▶ [Task instructions]:
Return only that part of the material below which starts with the line containing "En polipropileno. Ideal" and goes on through the line containing "for disabled guests.", restated exactly.

▶ [Source data]:
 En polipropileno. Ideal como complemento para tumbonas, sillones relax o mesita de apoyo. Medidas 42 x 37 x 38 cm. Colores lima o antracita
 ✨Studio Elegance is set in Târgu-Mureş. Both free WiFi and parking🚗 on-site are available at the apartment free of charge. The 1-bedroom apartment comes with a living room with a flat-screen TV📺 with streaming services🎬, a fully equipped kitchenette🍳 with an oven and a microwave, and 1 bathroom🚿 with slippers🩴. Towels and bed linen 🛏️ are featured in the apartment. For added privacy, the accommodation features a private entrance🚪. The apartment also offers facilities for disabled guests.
==
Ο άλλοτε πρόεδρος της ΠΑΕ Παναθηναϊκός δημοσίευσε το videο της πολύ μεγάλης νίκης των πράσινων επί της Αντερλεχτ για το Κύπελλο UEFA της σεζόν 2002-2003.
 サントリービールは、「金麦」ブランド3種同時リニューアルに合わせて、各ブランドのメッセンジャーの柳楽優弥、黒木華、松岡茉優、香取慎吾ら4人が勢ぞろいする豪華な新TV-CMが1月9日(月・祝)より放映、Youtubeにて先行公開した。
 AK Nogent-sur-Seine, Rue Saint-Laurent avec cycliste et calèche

▶ [Answer space]:
 En polipropileno. Ideal como complemento para tumbonas, sillones relax o mesita de apoyo. Medidas 42 x 37 x 38 cm. Colores lima o antracita
 ✨Studio Elegance is set in Târgu-Mureş. Both free WiFi and parking🚗 on-site are available at the apartment free of charge. The 1-bedroom apartment comes with a living room with a flat-screen TV📺 with streaming services🎬, a fully equipped kitchenette🍳 with an oven and a microwave, and 1 bathroom🚿 with slippers🩴. Towels and bed linen 🛏️ are featured in the apartment. For added privacy, the accommodation features a private entrance🚪. The apartment also offers facilities for disabled guests.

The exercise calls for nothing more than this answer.